Input data
.....

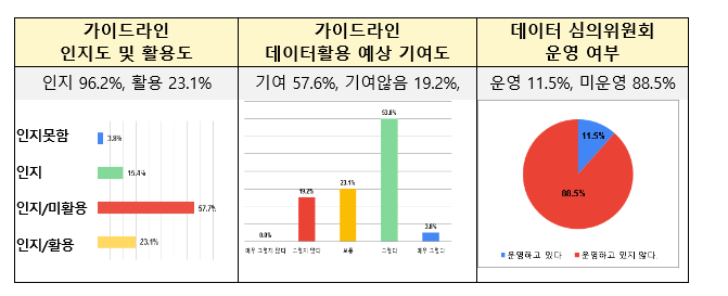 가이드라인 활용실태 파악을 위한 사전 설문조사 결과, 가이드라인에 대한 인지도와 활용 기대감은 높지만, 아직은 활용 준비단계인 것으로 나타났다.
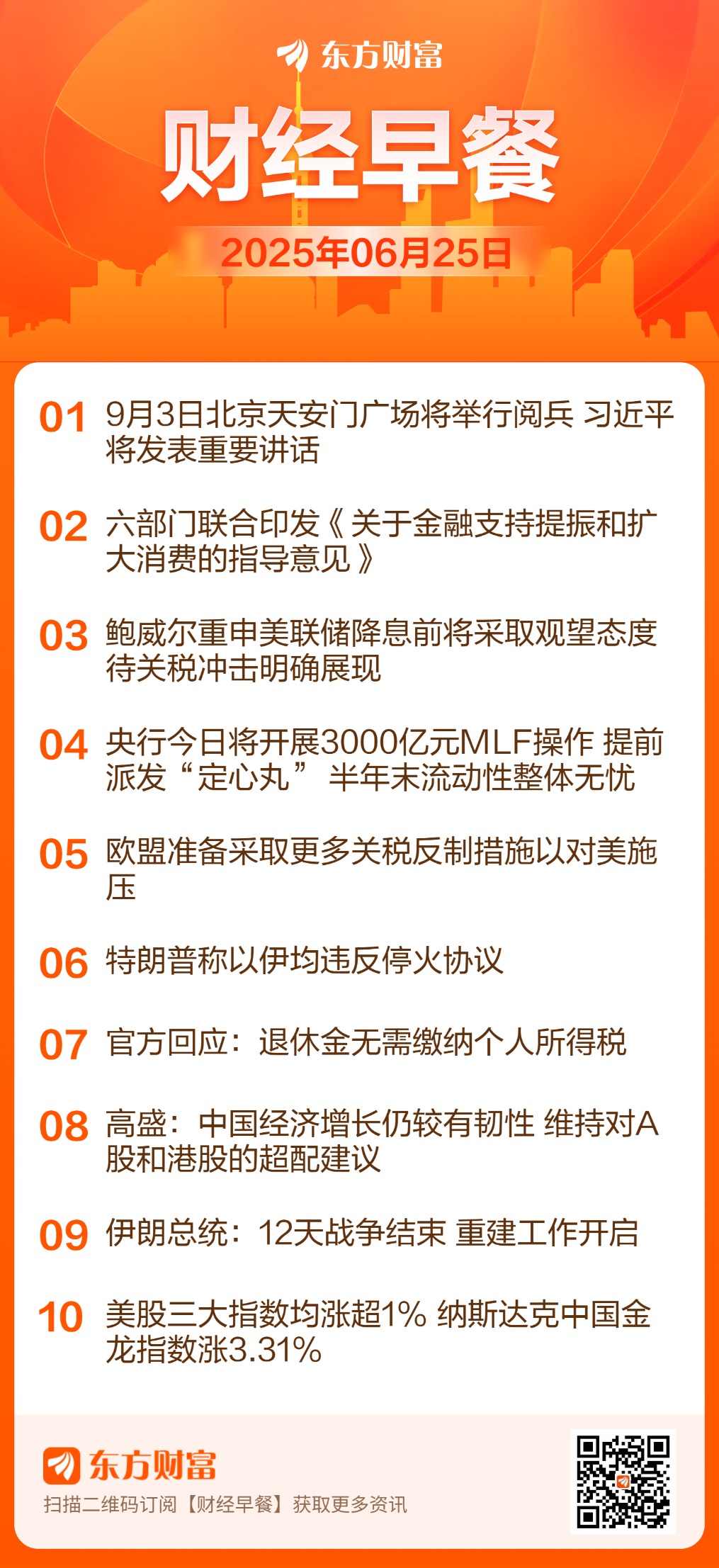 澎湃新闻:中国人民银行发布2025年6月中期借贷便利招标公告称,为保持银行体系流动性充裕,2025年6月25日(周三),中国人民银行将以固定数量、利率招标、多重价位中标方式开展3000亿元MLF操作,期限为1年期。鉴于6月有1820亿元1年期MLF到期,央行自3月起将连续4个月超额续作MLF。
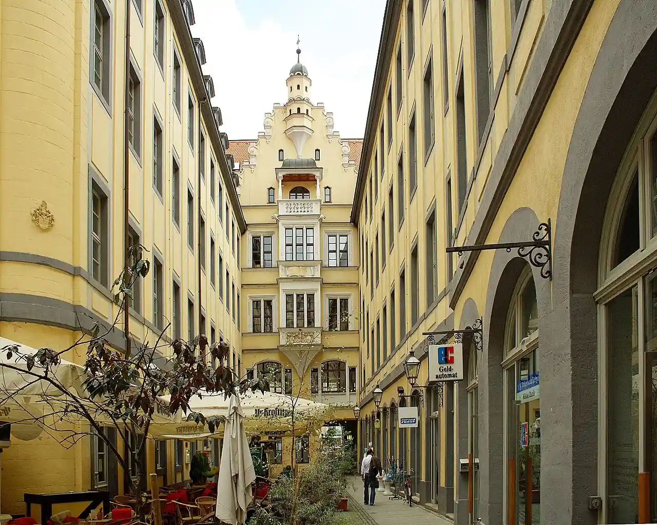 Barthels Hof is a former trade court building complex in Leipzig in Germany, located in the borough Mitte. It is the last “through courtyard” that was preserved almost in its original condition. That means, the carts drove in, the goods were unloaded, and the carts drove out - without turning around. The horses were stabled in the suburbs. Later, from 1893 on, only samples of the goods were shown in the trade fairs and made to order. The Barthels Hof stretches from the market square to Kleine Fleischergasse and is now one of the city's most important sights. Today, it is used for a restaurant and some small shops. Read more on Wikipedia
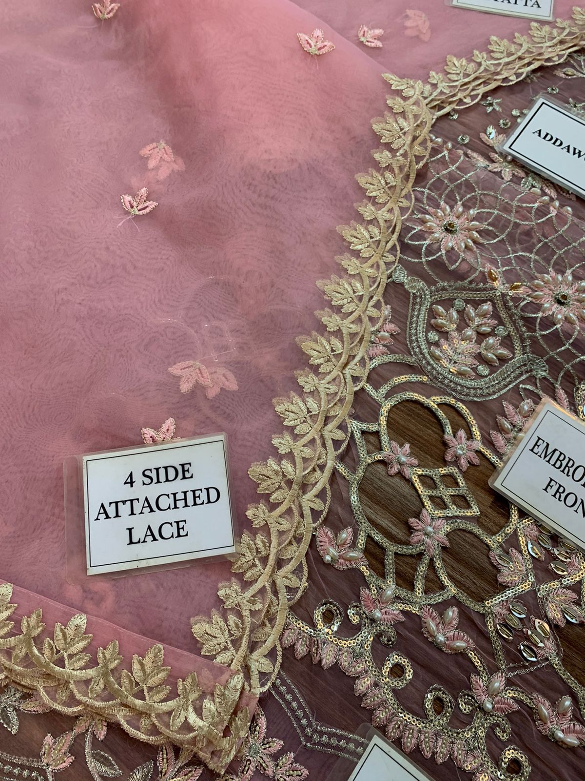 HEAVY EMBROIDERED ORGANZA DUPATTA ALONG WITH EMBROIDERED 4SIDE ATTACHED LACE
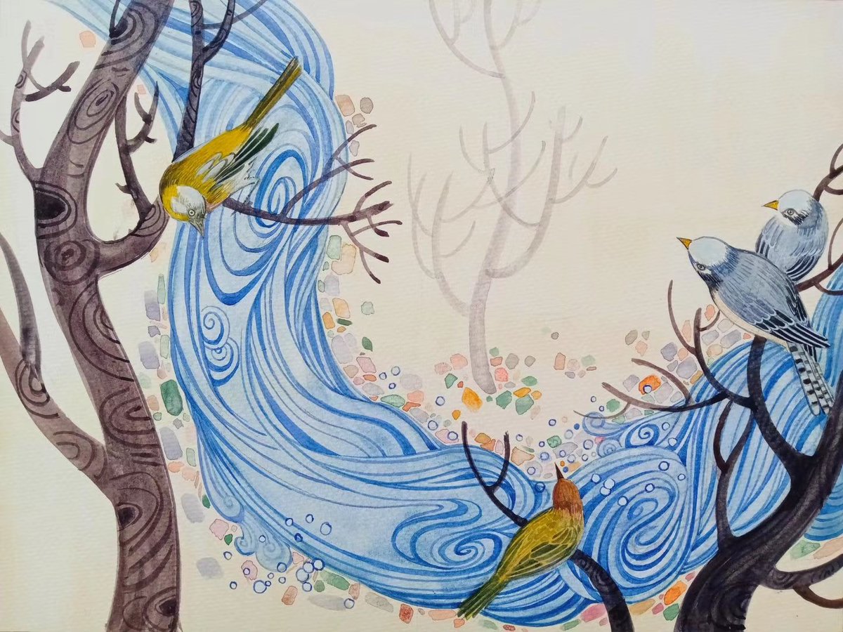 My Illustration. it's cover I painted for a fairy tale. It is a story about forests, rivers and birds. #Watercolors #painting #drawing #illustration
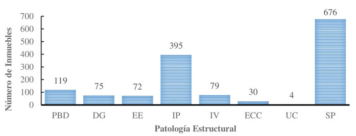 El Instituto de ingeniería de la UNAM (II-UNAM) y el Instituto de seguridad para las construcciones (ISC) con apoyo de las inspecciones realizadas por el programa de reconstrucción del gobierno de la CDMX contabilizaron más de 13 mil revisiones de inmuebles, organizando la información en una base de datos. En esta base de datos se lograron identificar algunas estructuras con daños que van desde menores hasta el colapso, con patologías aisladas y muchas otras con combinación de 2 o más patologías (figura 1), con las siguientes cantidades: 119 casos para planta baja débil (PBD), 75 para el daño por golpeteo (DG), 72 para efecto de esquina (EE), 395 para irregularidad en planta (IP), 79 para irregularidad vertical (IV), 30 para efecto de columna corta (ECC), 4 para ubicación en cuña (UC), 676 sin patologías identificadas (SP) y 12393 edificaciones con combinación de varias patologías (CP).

.....

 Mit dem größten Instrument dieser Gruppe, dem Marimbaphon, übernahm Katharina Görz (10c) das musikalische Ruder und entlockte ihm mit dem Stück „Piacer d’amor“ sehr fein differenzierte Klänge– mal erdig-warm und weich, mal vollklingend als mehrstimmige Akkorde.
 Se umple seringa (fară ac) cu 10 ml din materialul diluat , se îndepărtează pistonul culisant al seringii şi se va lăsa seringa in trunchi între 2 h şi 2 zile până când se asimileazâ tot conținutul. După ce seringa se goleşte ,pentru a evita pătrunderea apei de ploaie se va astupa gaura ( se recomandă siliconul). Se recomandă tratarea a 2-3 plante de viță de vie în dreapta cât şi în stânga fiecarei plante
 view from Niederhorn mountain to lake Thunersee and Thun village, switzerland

.....

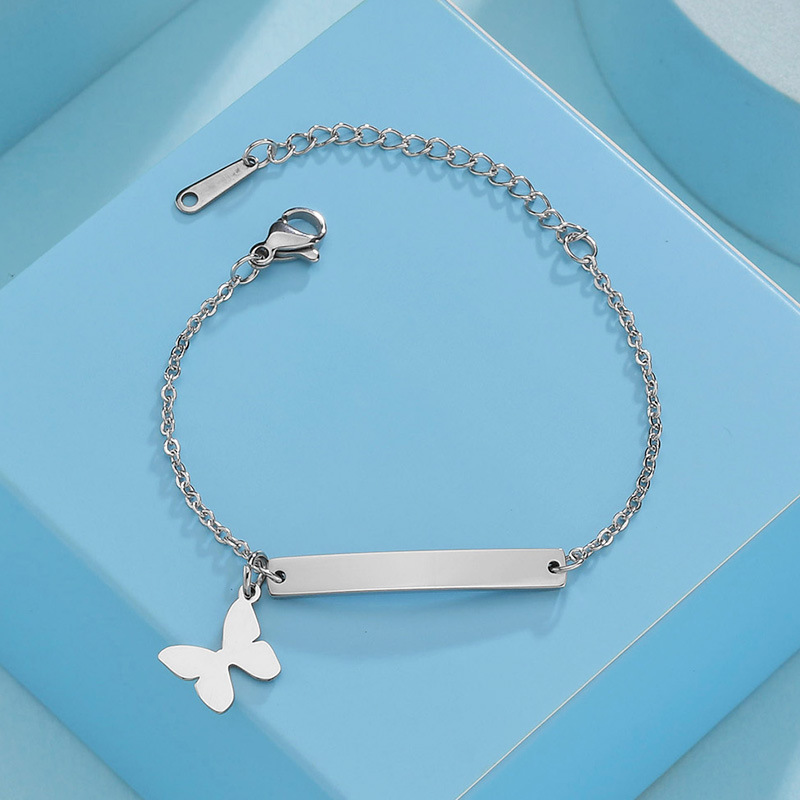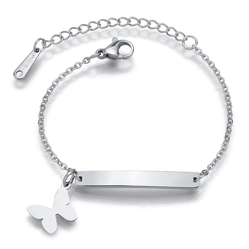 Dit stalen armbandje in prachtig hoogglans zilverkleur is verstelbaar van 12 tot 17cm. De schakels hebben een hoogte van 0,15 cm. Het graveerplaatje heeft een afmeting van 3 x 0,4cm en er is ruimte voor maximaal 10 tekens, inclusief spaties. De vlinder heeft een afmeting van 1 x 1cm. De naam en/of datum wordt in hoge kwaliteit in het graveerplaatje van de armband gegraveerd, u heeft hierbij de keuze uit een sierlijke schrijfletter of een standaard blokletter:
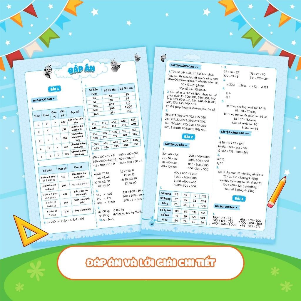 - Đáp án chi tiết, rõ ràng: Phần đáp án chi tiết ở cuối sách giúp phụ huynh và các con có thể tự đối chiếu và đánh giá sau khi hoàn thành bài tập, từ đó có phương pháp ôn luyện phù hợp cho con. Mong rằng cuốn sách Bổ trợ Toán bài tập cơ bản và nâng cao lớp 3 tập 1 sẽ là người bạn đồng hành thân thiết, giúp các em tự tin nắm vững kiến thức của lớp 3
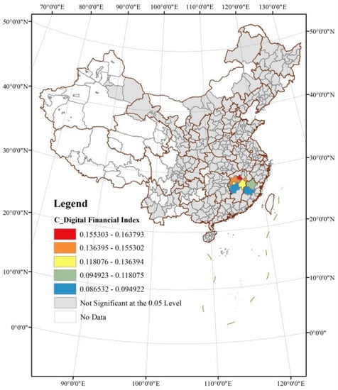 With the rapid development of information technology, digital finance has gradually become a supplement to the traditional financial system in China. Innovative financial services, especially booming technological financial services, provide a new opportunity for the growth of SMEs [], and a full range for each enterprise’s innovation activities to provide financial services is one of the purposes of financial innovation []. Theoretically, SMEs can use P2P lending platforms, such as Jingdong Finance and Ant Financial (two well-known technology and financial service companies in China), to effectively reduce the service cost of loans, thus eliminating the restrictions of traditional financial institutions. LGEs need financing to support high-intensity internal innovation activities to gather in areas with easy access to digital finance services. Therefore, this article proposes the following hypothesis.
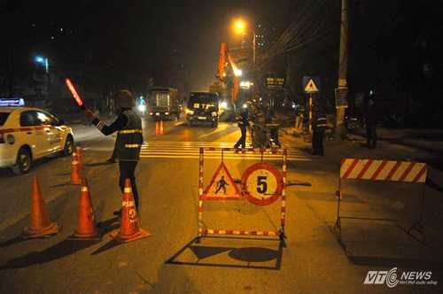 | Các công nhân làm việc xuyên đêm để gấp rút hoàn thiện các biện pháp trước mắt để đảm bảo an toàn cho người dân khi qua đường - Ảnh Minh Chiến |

.....

Work task
From the data above, return exactly the lines from the one with "HEAVY EMBROIDERED ORGANZA" up to and including the one with "My Illustration. it's". Pictures do not go in the copy.

Reply to the exercise
 HEAVY EMBROIDERED ORGANZA DUPATTA ALONG WITH EMBROIDERED 4SIDE ATTACHED LACE
 My Illustration. it's cover I painted for a fairy tale. It is a story about forests, rivers and birds. #Watercolors #painting #drawing #illustration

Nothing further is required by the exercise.